____ Records

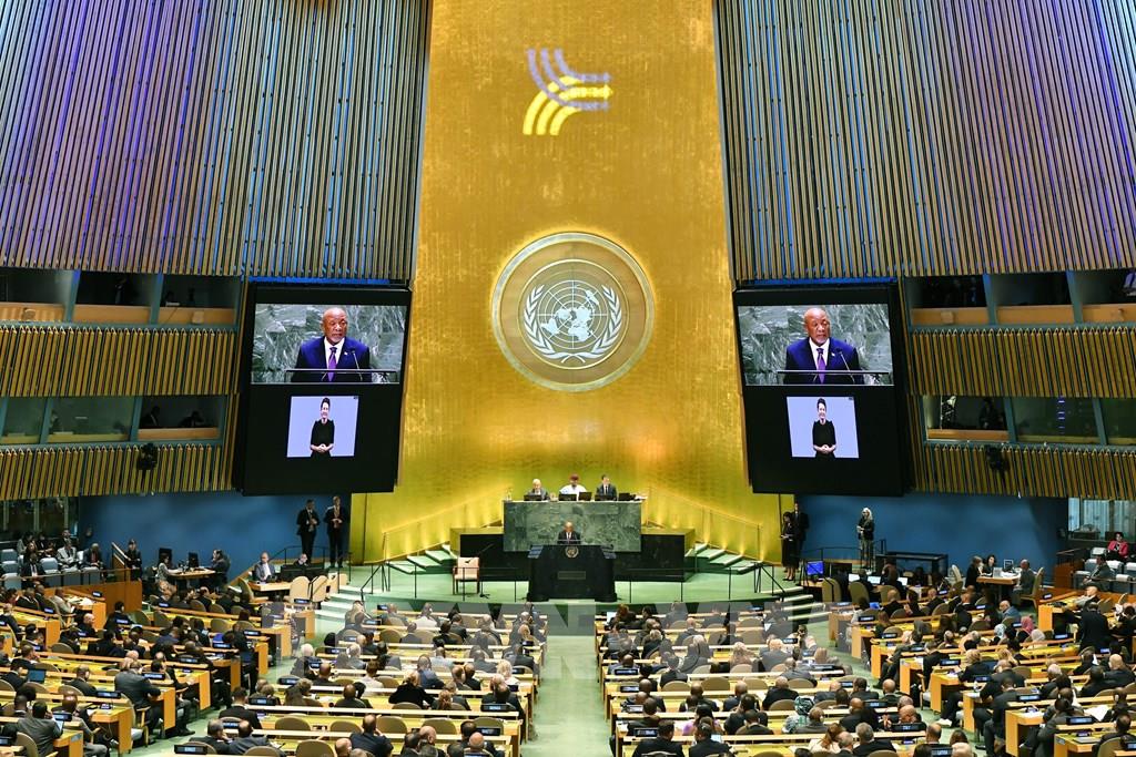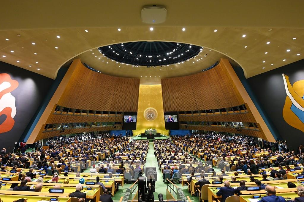 Ngày 22/9/2024, với đa số ý kiến tán thành, các thành viên LHQ đã thông qua "Hiệp ước cho tương lai" nhằm giải quyết hàng loạt cuộc xung đột, các mối đe dọa về môi trường, cũng như những thách thức công nghệ mà nhân loại đang phải đối mặt. Việc thông qua hiệp ước diễn ra trong khuôn khổ sự kiện mở màn Tuần lễ cấp cao Đại hội đồng LHQ khóa 79 tại New York (Mỹ). Ảnh: THX/TTXVN
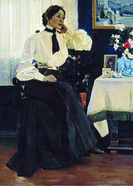 Портрет Екатерины Петровны, созданный художником в 1905 году на их киевской квартире, стал первым портретом Нестерова, который он признал художественным произведением, достойным появиться на выставке. Сколько грусти, тоски и разочарования, разлада с внешним миром содержат в себе его ранние женские образы, столько душевного спокойствия и гармонии, радостного, но тихого любования миром заключено в этом портрете. Позже художник создал еще много портретов своей супруги, она позировала ему для иконы и росписей в Марфо-Мариинской обители. Музы И.Репина
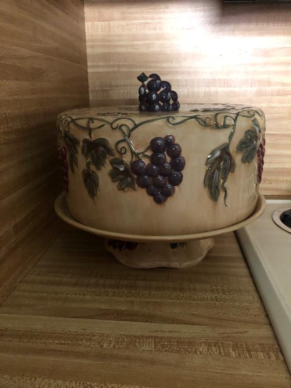 Flower decorated cake platter with lid
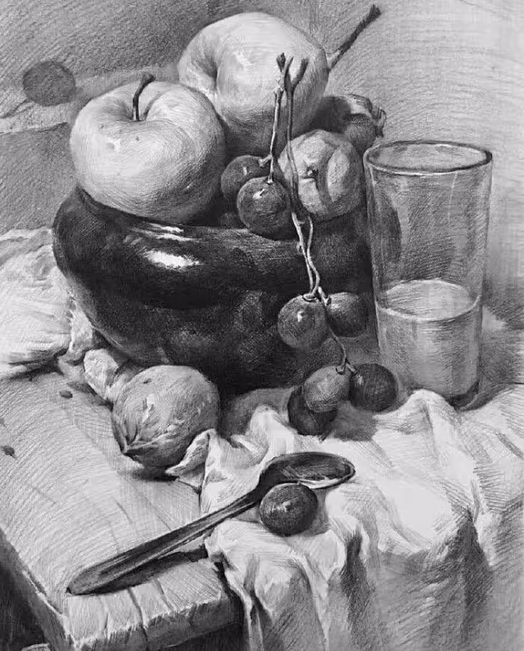 In 12 classes, you’ll learn the techniques of drawing from the beginning. The drawings above are by students who joined this course as absolute beginners. You will build the skills by rendering objects and environments with a teaching method found nowhere else. All drawings will be created in monochrome (black and white) to focus on the basics: light and shadow, line, and dimension.
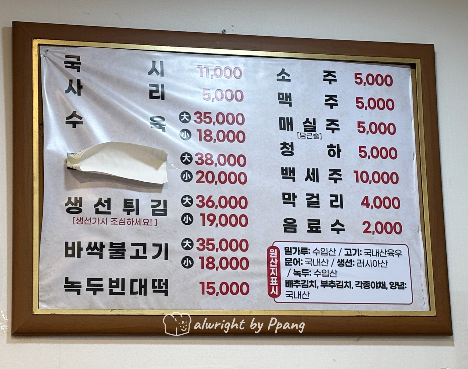 가건물 분위기 물씬, 진지한 서체의 간판, 민트 아니 '옥색'이라 말해야 할 것 같은 페인트 색까지 일단 맛있을 듯 분위기이다.
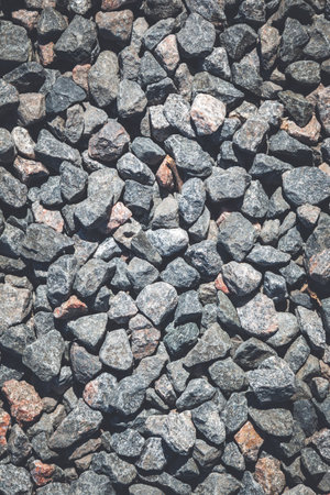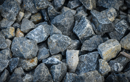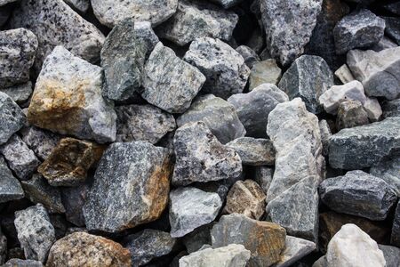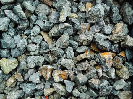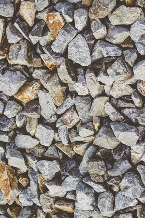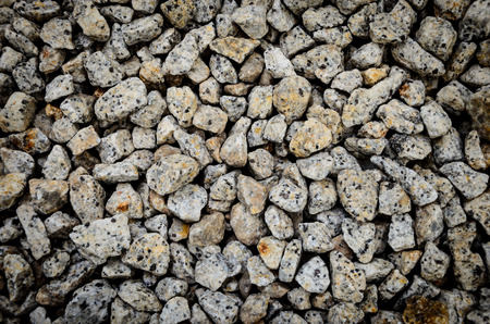 Close up top view texture background wallpaper of grey sharp pebbles stones arranged together on the ground
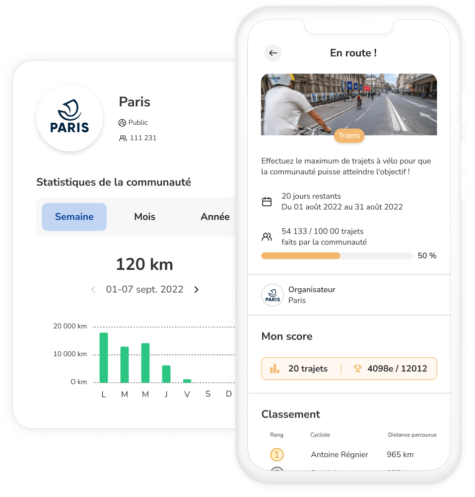Un espace dédié au sein de l'application rassemble les cyclistes de votre territoire. Incitez à la pratique grâce aux challenges d'activité, et mettez en avant vos actions grâce à un fil d'actualité public.
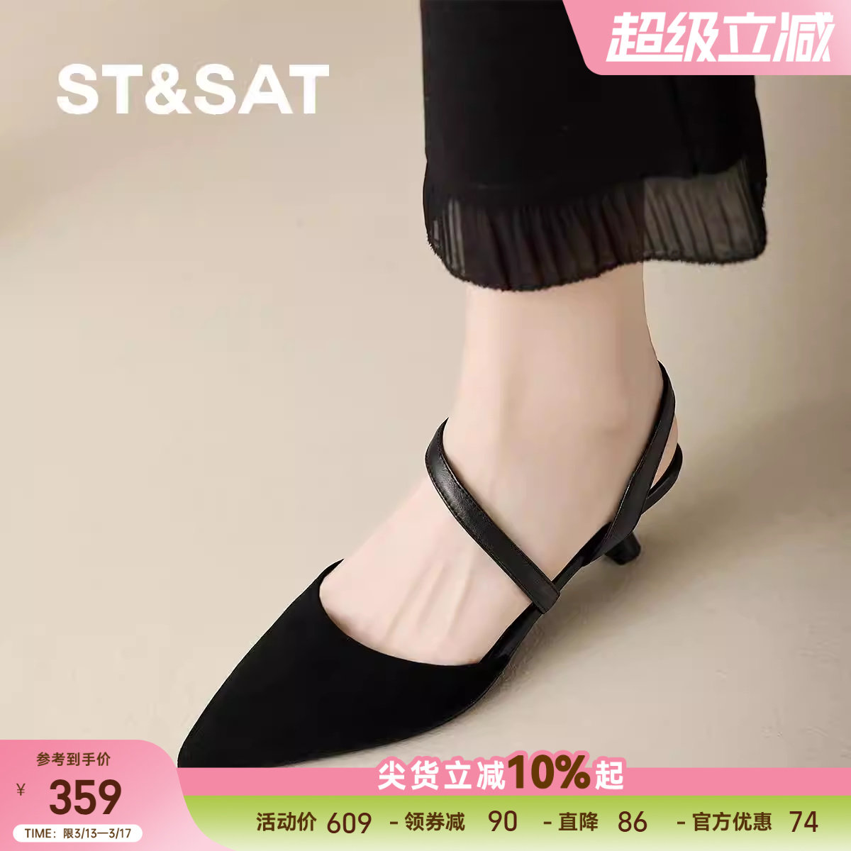 吴大叔2025秋冬时尚后空凉鞋尖头高跟鞋女气质高级不累脚漆皮女鞋
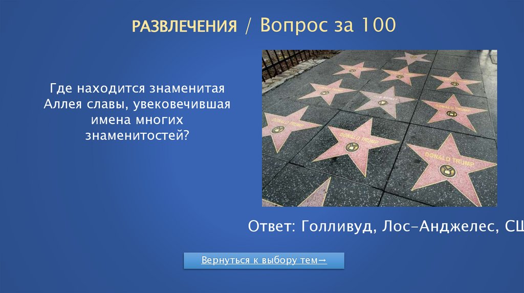 РАЗВЛЕЧЕНИЯ / Вопрос за 100Где находится знаменитая
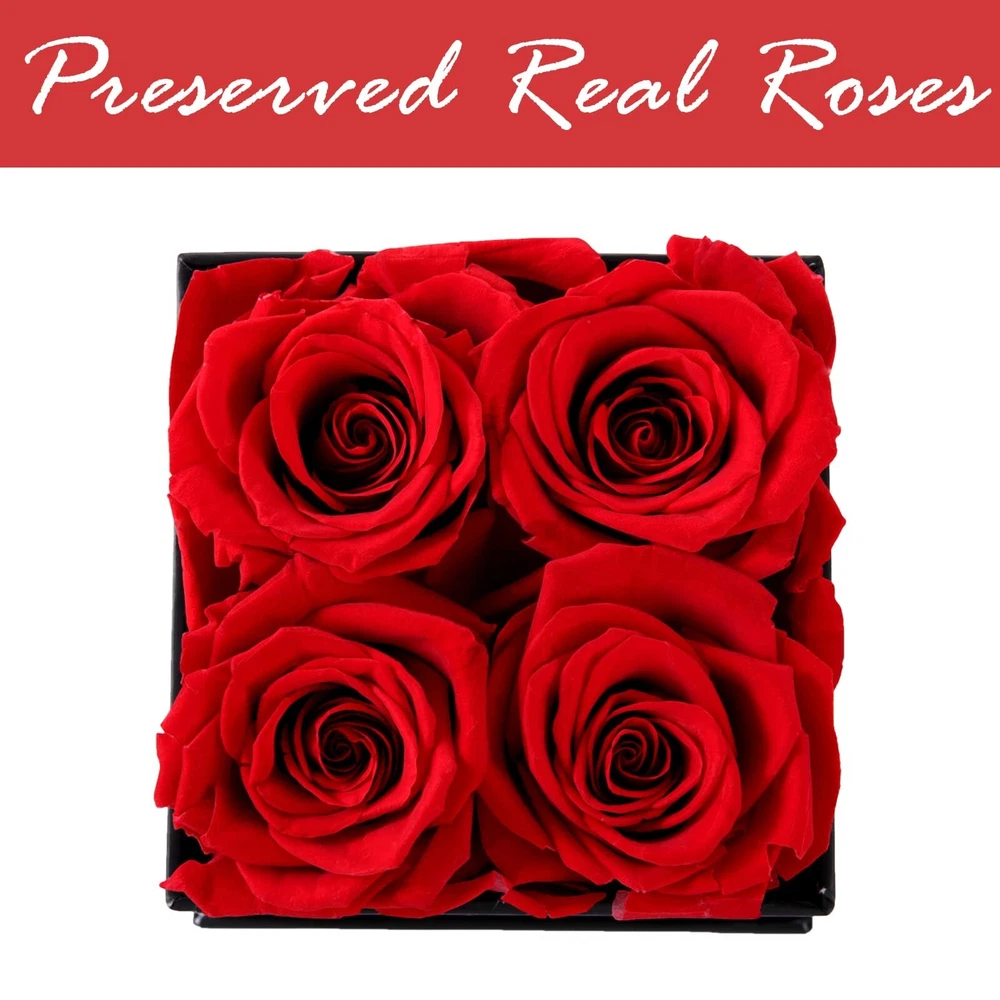U UQUI Rose Flowers for Mothers Day, Forever Preserved Rose in A Box with Necklace, Real Fresh Eternal Rose Mothers Day Flower Gifts, Anniversary Birthday Mother’s Day Rose Gifts or Decorations Product Details Color: 4 Roses-red Brand: U UQUI MPN: Does not apply UPC: Does not apply EAN: Does not apply Package Dimensions: 6.18 x 5.16 x 4.53 inches Item Weight: 10.5 ounces Manufacturer: U UQUI Batteries required: No U UQUI Mothers Day Gift Set: As a brand that deeply cultivates flower gifts, preserved flowers set is the unique mothers day gift you've been looking for. 4 red roses in square box instead of rose bouquets are more ornamental and gift-like. Ruby necklace adopt heart design radiates dazzling light. The black gilded greeting card u uqui prepared for you to help express your sincerity. Mothers Day Roses That Last Years: Eternal roses are real flowers, all selected from premium fresh roses, through fresh cut flowers, dried, kept fresh by special crafts and finally packed into designed gift boxes, deeply loved by rose lovers. No need for watering, no need for light, you just need to enjoy it, mothers day flowers in box have a lifespan of 2~3 years. Perfect Mothers Day Gift Ideas: Preserved rose with necklace satisfies the dual gift attributes of roses and jewelry, except as anniversary or birthday gifts for women, with Mothers Day approaches, forever roses and heart necklace set can be as expecting mothers day gifts for mom wife daughter girlfriend or someone you loved. As Mothers Day Decorations: Application in Mothers Day decoration is another identity of eternity roses as mothers day presents. You can make these immortal roses as mothers day home decor room decor table decor. In addition, eternal flowers are also popular in romantic wedding decorations or proposal decorations. Additional Notes: U UQUI preserved roses mothers day are non-toxic and fragrance-free, if you want the forever flower to be scented, you can pour a little perfume or essential oils into the bottom of the rose box. With careful care, preserved roses that last a year, 2 years, 3 years, or even timeless, to be ever gifts and decorations.
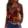 Женская модная блузка с разрезом по подолу, повседневная, в стиле ретро, с цветочным принтом, круглым вырезом и длинными рукавами
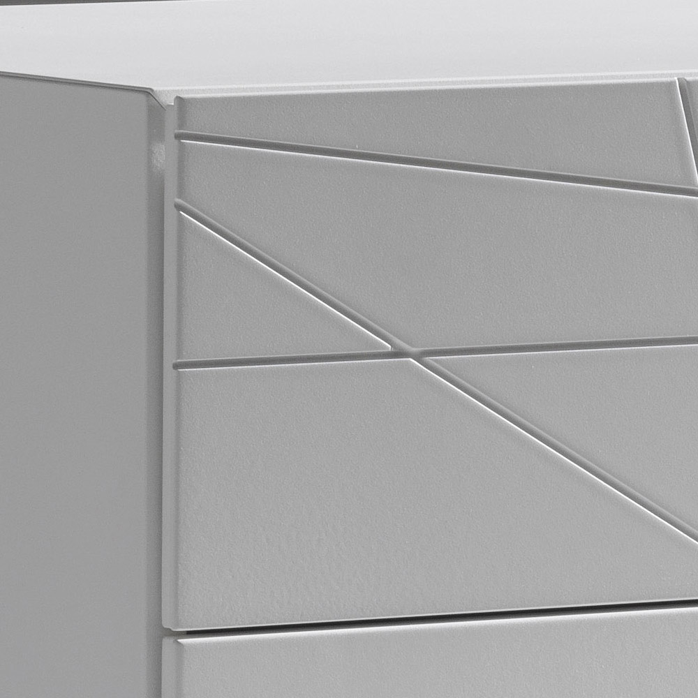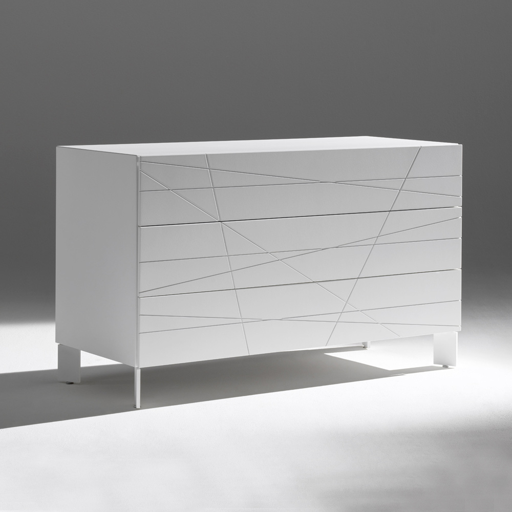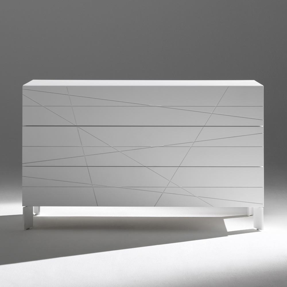 Eine Kommode mit modernem, klarem Design, die sich durch eine markante grafische Gestaltung und geradlinige Formen auszeichnet. Die geometrischen Einschnitte an den Fronten erzeugen ein elegantes Linienspiel, das mit dem Licht interagiert und die Kommode zu einem echten Blickfang im Schlafzimmer macht.
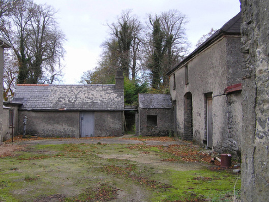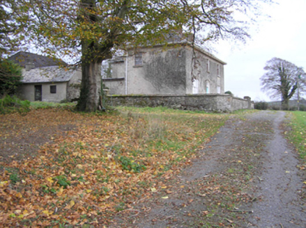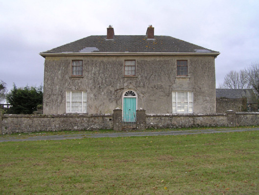 Detached three-bay two-storey Board of First Fruits Church of Ireland glebe house, built 1813, on an L-shaped plan; single-bay (north) or two-bay (south) two-storey side elevations. Occupied, 1901; 1911. Reroofed, ----. Now disused. Replacement hipped fibre-cement slate roof on an L-shaped plan with lichen-covered clay ridge tiles, paired red brick Running bond central chimney stacks having capping supporting terracotta pots, and uPVC rainwater goods on slightly overhanging timber boarded box eaves retaining some cast-iron downpipes. Part creeper-covered fine roughcast coursed or snecked limestone walls with concealed cut-limestone flush quoins to corners. Segmental-headed central door opening with step threshold, and concealed red brick block-and-start surround framing timber panelled door having fanlight. Square-headed flanking window openings in tripartite arrangement with drag edged dragged cut-limestone sills, timber mullions, and concealed red brick block-and-start surrounds framing six-over-six timber sash windows having two-over-two sidelights. Square-headed window openings (first floor) with drag edged dragged cut-limestone sills, and concealed red brick block-and-start surrounds framing three-over-six timber sash windows. Interior including (ground floor): central hall retaining carved timber surrounds to door openings framing timber panelled doors; and carved timber surrounds to door openings to remainder framing timber panelled doors with timber panelled shutters to window openings. Set in unkempt grounds with rendered, ruled and lined piers to "cottage garden" having lichen-covered pyramidal capping supporting arrow head-detailed looped wrought iron gate.
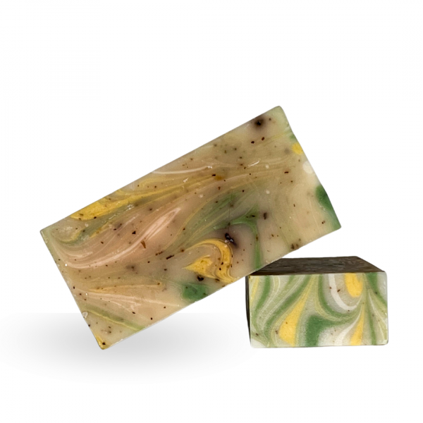 Huile d’olive, Huile de coco, Glycérine, Huile de tournesol, Huile de ricin, Beurre de cacao, Beurre de karité, Huile d’abricot, Eau, Citral*, Huile essentielle de cèdre de l’Atlas, Huile essentielle de citronnelle, Huile essentielle de litsée citronnée, Limonène*, Huile essentielle de citron vert, Huile essentielle de pamplemousse, Huile essentielle de patchouli, Huile essentielle de romarin, Feuille de menthe poivrée, Poudre de thé vert, Poudre de curcuma, Illite, Kaolin, Géraniol*, Huile de tournesol, Linalol*, Citronellol*, Extrait de Dunaliella salina (*composants naturellement présents dans les huiles essentielles)
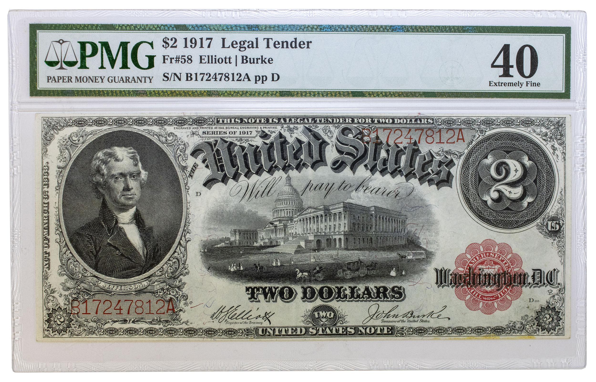 PMG EF-40 1917 Legal Tender $2
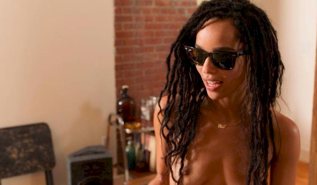 Kat Graham arriving to the Monot Womenswear fashion show during Paris Fashion Week in a low cut dress with plenty of cleavage and a hint of nipple on display! View the pictures
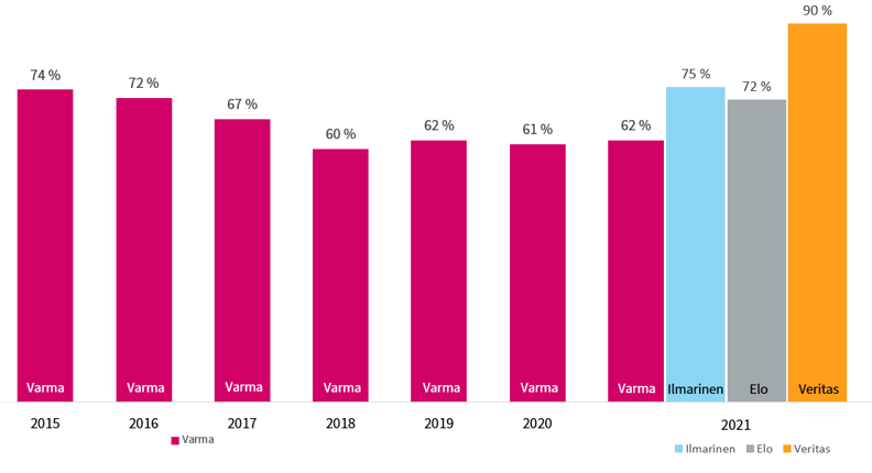 Varman asiakashyvitysprosentti on ollut vuodesta 2012 asti koko ajan korkeampi kuin Ilmarisen, Elon ja Veritaksen. Varman asiakashyvitysprosentti on korkein, Ilmarisen toiseksi ja Elon kolmanneksi korkein. Veritaksen asiakashyvitysprosentti on pienin.
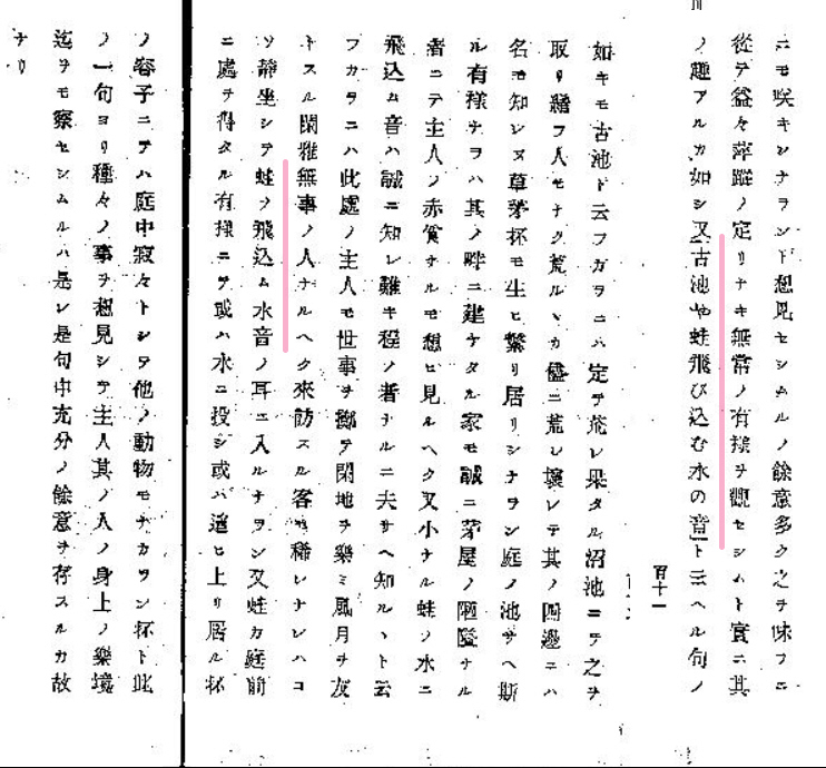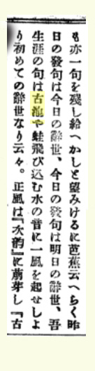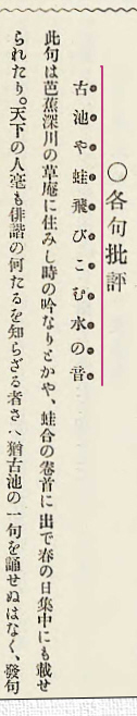 | 古池や蛙飛ひ込む水の音是なり。此際芭蕉は自ら俳諧の上に大悟せりと感じたるが如し。今迄はいかめしき事をいひ、珍しき事を工夫して後に始めて佳句を得べしと思ひたる者も今は日常平凡の事が直に可となることを發明せり。 |

________

What you need to do:
Return exactly the lines from the one containing "Varman asiakashyvitysprosentti on ollut" through the end of the records, leaving out every picture.

Response area:
 Varman asiakashyvitysprosentti on ollut vuodesta 2012 asti koko ajan korkeampi kuin Ilmarisen, Elon ja Veritaksen. Varman asiakashyvitysprosentti on korkein, Ilmarisen toiseksi ja Elon kolmanneksi korkein. Veritaksen asiakashyvitysprosentti on pienin.
 | 古池や蛙飛ひ込む水の音是なり。此際芭蕉は自ら俳諧の上に大悟せりと感じたるが如し。今迄はいかめしき事をいひ、珍しき事を工夫して後に始めて佳句を得べしと思ひたる者も今は日常平凡の事が直に可となることを發明せり。 |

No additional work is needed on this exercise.